Consumed (2022)
Nikta Hashemian
Digital painting animation
"I'll be whatever you want me to be." -Marilyn Monroe (Don't Bother to Knock)
Consumed is a short 31 second animation featuring the most iconic woman in pop culture, Norma Jeane Mortenson, professionally known as Marilyn Monroe. Throughout her career, she was always expected to maintain the same persona, just like how James Harvey writes in his journal regarding Monroe's cinematic career "she was slightly grotesque. Like a walking dirty joke- too outrageous for the politer company of the leading players, and so most of the time she was cast as the generic dumb blonde." The people and the media demanded more of the same persona and in order for Marilyn to stay successful, she played the same role over and over again to the point where she became the role to the eyes of the audience to this day.

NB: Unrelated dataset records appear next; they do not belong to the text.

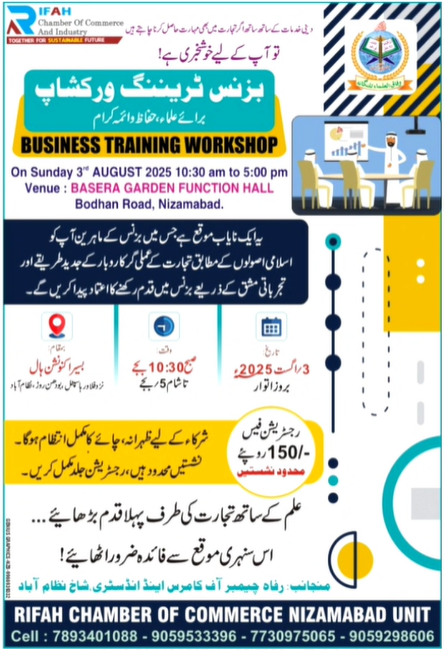| Description | 🌟 اہم اعلان برائے علماء، حفاظ و ائمہ کرام! ضلع نظام آباد 🌟 رفاہ چیمبر آف کامرس اینڈ انڈسٹری تلنگانہ "بزنس ٹریننگ ورکشاپ برائے علماء ، حفاظ و ائمہ اکرام" یہ ایک نایاب موقع ہے جس میں بزنس کے ماہرین آپ کو 📈 اسلامی اصولوں کے مطابق تجارت کے عملی گر 📊 کاروبار کے جدید طریقےاور 🛠️ تجرباتی مشق کے ذریعے بزنس میں قدم رکھنے کا اعتماد پیدا کریں گے۔
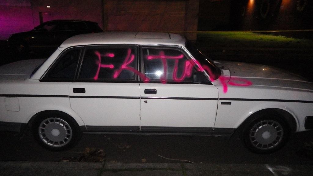Speaking with Katu 2, Chevonne Bell, the owner of the Volvo, said “There’s no stickers. There’s nothing political about my old Volvo, but it was spray-painted along with the vehicle that was on fire.
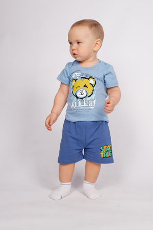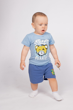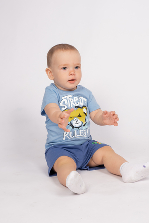 Футболка для мальчика прямого силуэта, с втачным коротким рукавом. Горловина круглая, обработана воротником из рибаны. Горловина спинки внутри укреплена бейкой из кулирки. На левом плече застежка на 2 пробивные кнопки. 1 кнопка на воротнике, 1 по центру плеча. Низ изделия и рукавов обработан швом в подгибку. На полочке принт Шелкография. Надпись переводится как "Правила переулка; Если соблюдать все правила-вы пропустите все самое интересное".
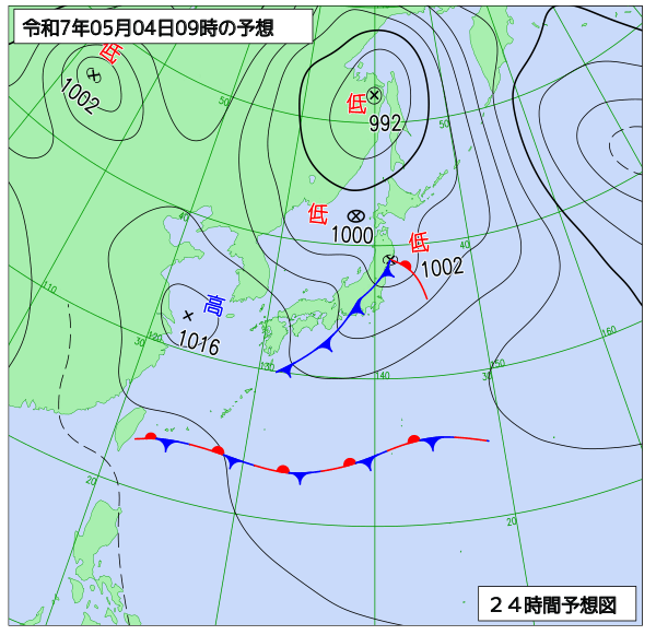 明日は、湿った空気影響で朝まで曇りますが、その後は高気圧に覆われて晴れるでしょう。
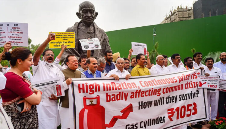 Opposition parties’ MPs display banner and placards during a protest against inflation and decision to increase GST on essential commodities, near the Gandhi statue at Parliament complex, in New Delhi. Nation By Editor Last updated Jul 22, 2022 244 Share 244 Share
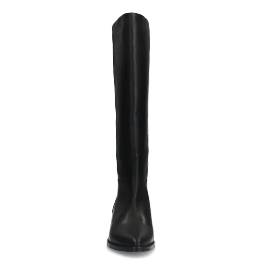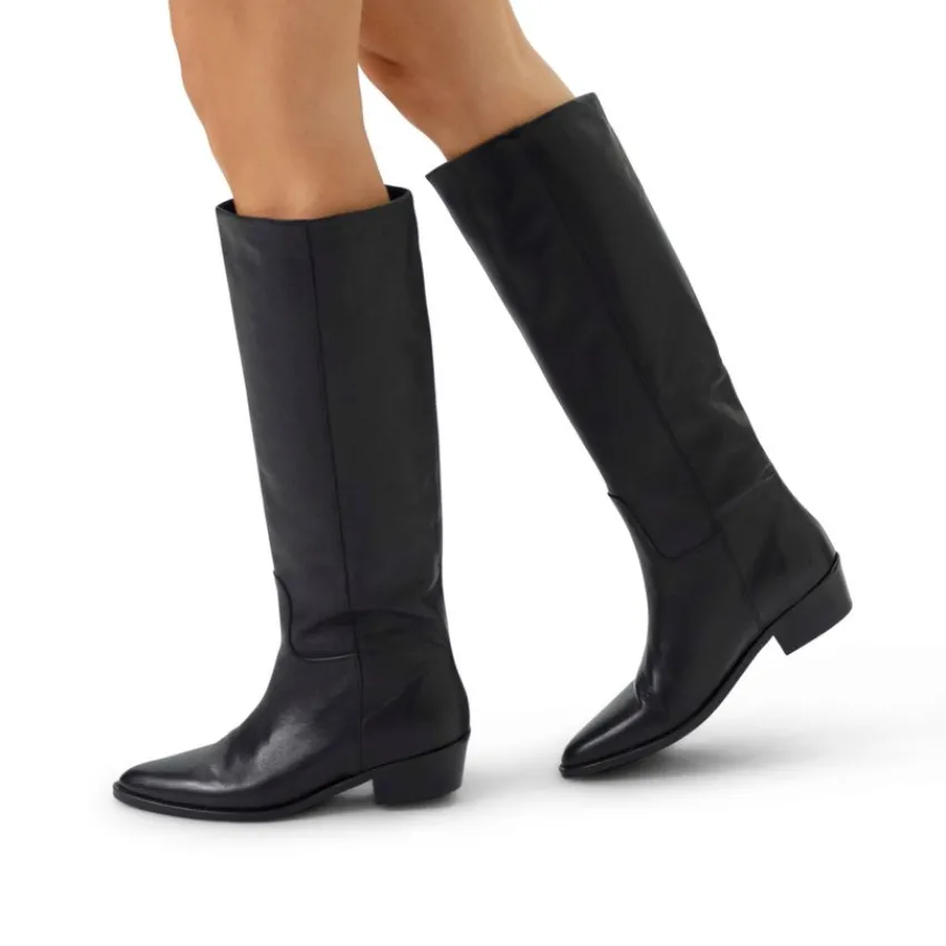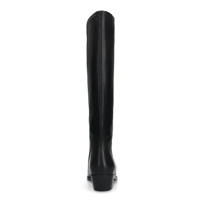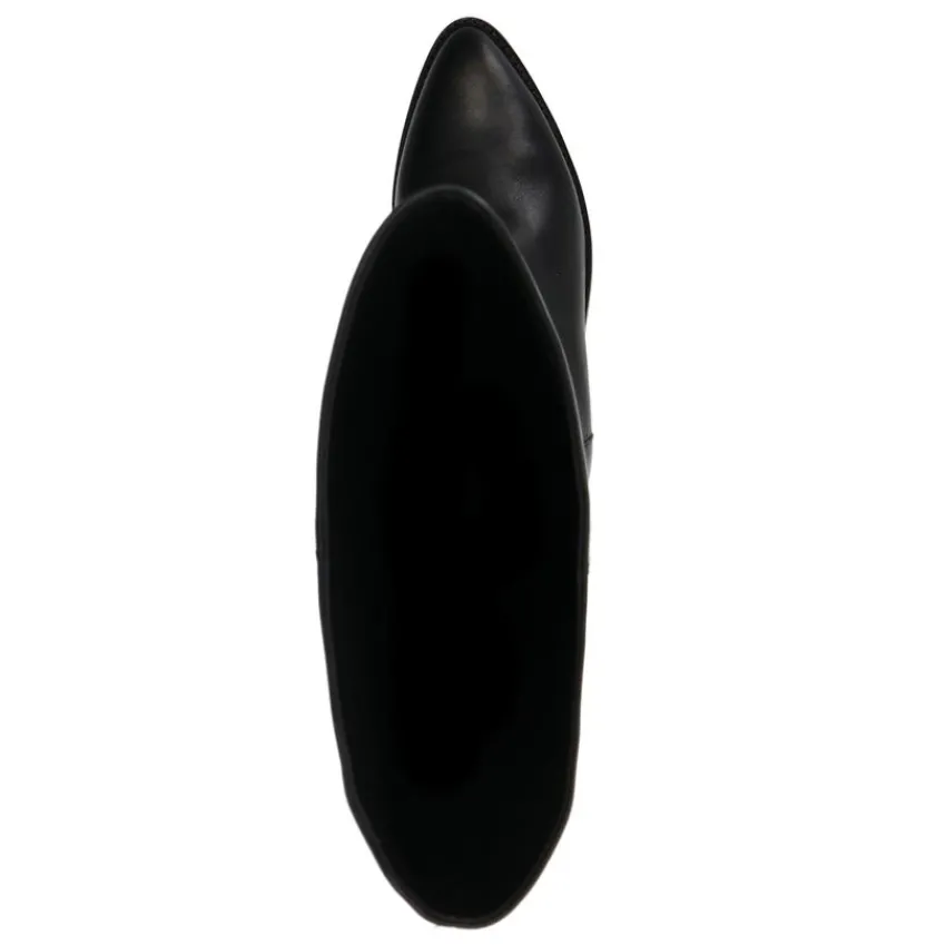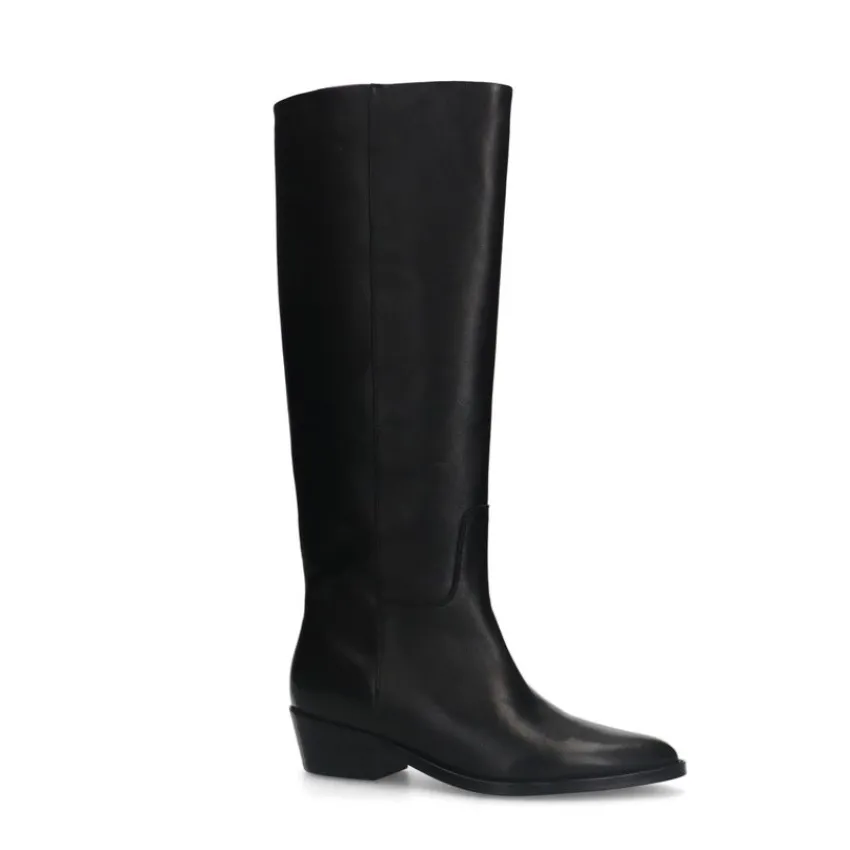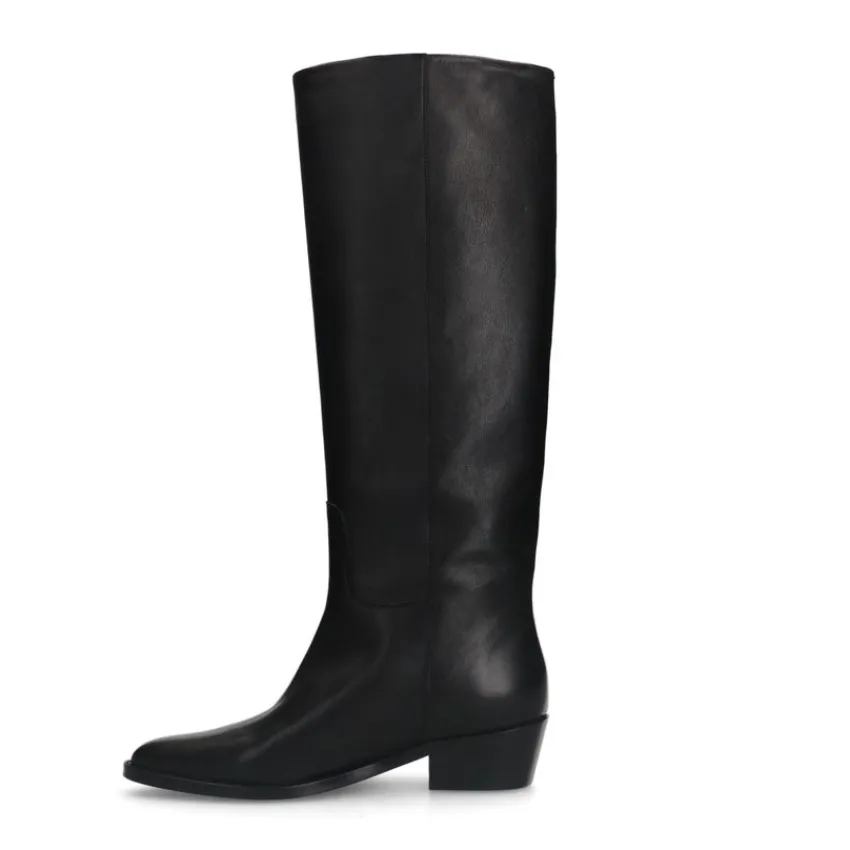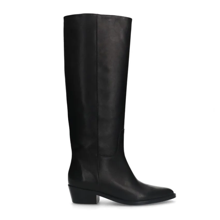 Zwarte leren hoge laarzen van Manfield met platte hak van 4 cm en puntige neus. De laarzen hebben een schachthoogte van 41 cm en een schachtbreedte van 36 cm, gemeten bij een maat 37. We adviseren als verzorging en bescherming de Collonil Carbon Pro.

For the past few weeks, I have finished digitally painting Marilyn's photo, which is considered to be one of the most commercialized and famous photographs of her and decided to create a short story showing how media's "demands" and "expectations" continue to stay the same even after her tragic death. Suddenly, what was thought as her life became way more interesting and moving as any other "dumb blonde" role that she has played in her movies. As Harvey states in his essay "The public grief was extraordinary. And it was only then, in a sense, that the real Marilyn Monroe movie began." The public to this day has a huge appetite for her pictures and the media still demands more of her and makes profit out of her image.
As this video starts, one can see the "creation" of Marilyn Monroe and a very short summary of the process of painting her, but the rest of the video mainly focuses on the consumption of her and how her beauty objectified her by poisoning her and taking away her voice. In a way, the viewer is also consuming her by watching this short video. Do you feel guilty?
Don't Bother to Knock, Roy Ward Baker, 20th Century Studios, 1952.